W ramach środowych spotkań Klubu Wysokogórskiego Bielsko-Biała w Grawitacji przy ul. Wzgórze 3 9 listopada o godzinie 19.00 szykuje się niezwykła gratka dla fanów wysokogórskich trekkingów, ale nie tylko. O swoim solowym zdobyciu 12 czterotysięczników w zaledwie 9 dni opowie bielszczanin Łukasz Filipkowski.
Do realizacji tak niezwykłego celu Łukasza zaprowadziła ogromna siła, pasja, wytrwałość i determinacja. Osobiście o jego przeżyciach będzie można posłuchać właśnie 9 listopada w Grawitacji.

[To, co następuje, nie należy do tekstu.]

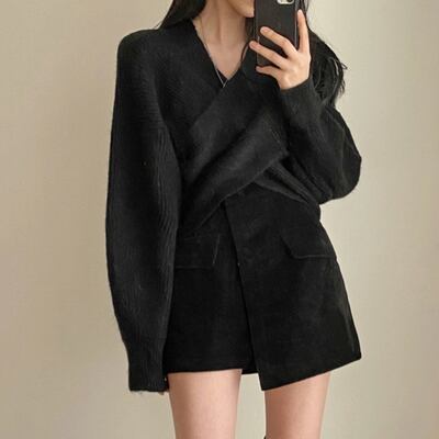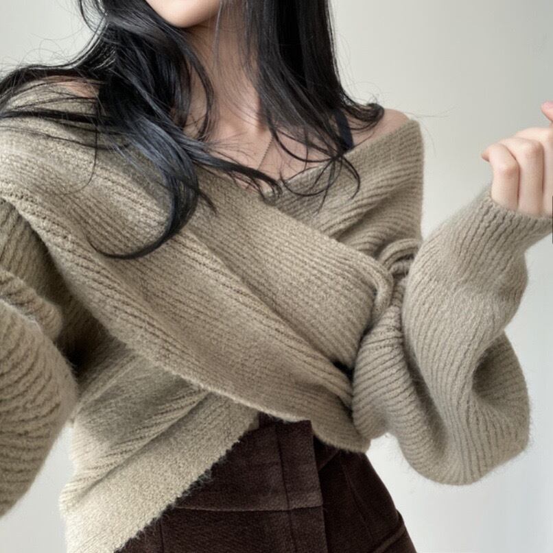 セットアップ 2点セット ニット ミニスカート 2色 レディース オフショルダー Vネック クロスデザイン レイヤード ランタンスリーブ ボリューム ハイウエスト ミニ丈 ショート丈 アシンメトリー 膝上 無地 くすみカラー ブラウン カーキ ブラック 黒 オシャレ お洒落 かわいい 大人可愛い お得 お買い得 セクシー 着回し きれいめ エレガント 春 秋 冬 ニットソー デザイン トレンド 韓国 流行 映え SNS エレガント 長袖 萌え袖 出勤 高級感 デート モテ 楽ちん シンプル カジュアル

Na publiczność będzie czekała ogromna dawka inspiracji, motywacji i praktycznych informacji dotyczących przygotowań do takich trekkingów.

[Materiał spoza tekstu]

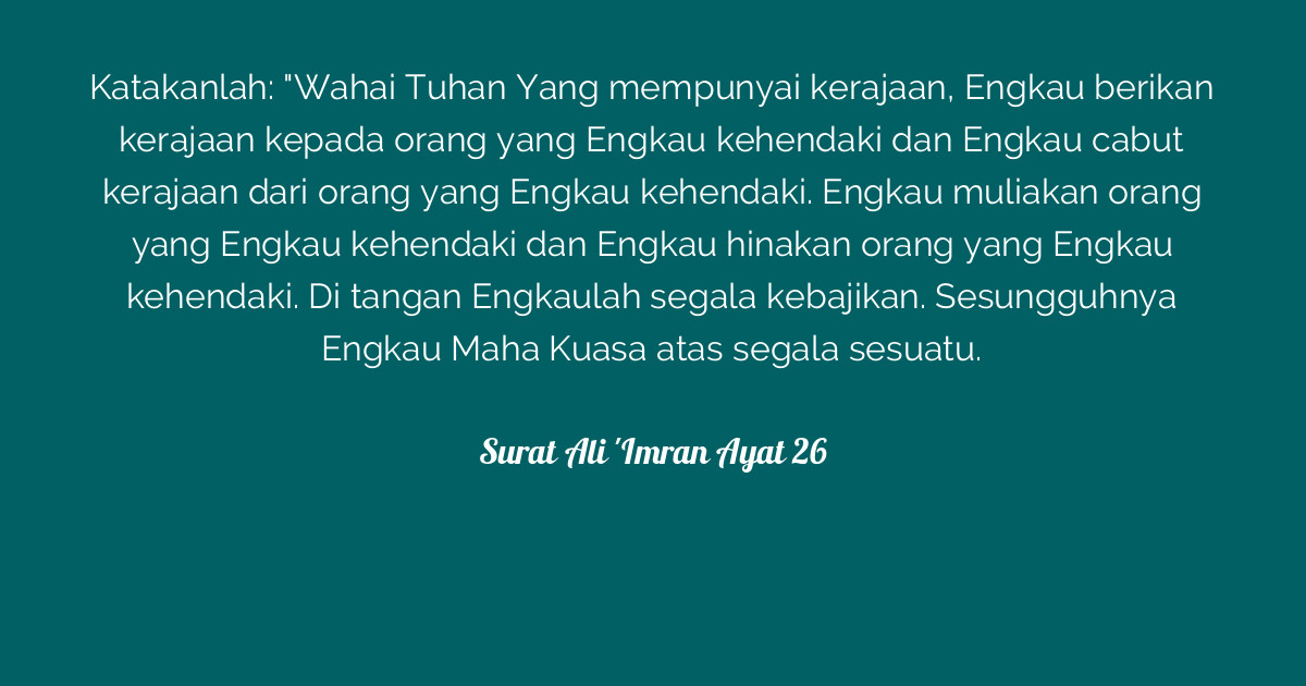 Surah Ali Imran Ayat 26-27 Beserta Artinya / Tafsir Ibnu Katsir Surat Al Baqarah Ayat 26 27 Alqur Anmulia : Wahai tuhan yang mempunyai kerajaan, engkau berikan kerajaan kepada orang yang engkau kehendaki dan engkau cabut kerajaan dari orang .

Łukasz tak na poważnie zaczął chodzić po górach w lutym 2021 roku. Jego pierwsze zimowe wyjście w Tatry to była solowa wycieczka na Świnicę. Jeszcze tej samej zimy udało mu się przejść większość turystycznych, tatrzańskich klasyków po polskiej stronie - Rysy, Kościelec, Kozi Wierch itd. W sierpniu 2021 roku zrealizował swój pierwszy mini górski projekt, który zakładał wejście solo w 10 dni na najwyższe szczyty sześciu krajów. Udało mu się, w założonym czasie, wejść na Zugspitze, Grossglockner, Mont Blanc, Śnieżkę, Gerlach i Rysy. Wejście na Gerlach i Rysy było też początkiem jego drugiego projektu, czyli zdobycia Wielkiej Korony Tatr. Po 12 miesiącach Łukasz osiągnął wszystkie 14 szczytów WKT. Trzecim projektem było tegoroczne wejście na Eiger, a potem na 12 czterotysięczników w 9 dni. Na co dzień Łukasz biega, wspina się, jeździ i zjeżdża z gór na rowerze oraz na nartach, uprawia skituring.
W 2023 roku planuje wyprawy na Aconcague i Pik Lenina, a co z tego wyjdzie, zobaczymy… O to wszystko będziecie mogli zapytać Łukasza Filipkowskiego w Grawitacji już 9 listopada o godzinie 19.00.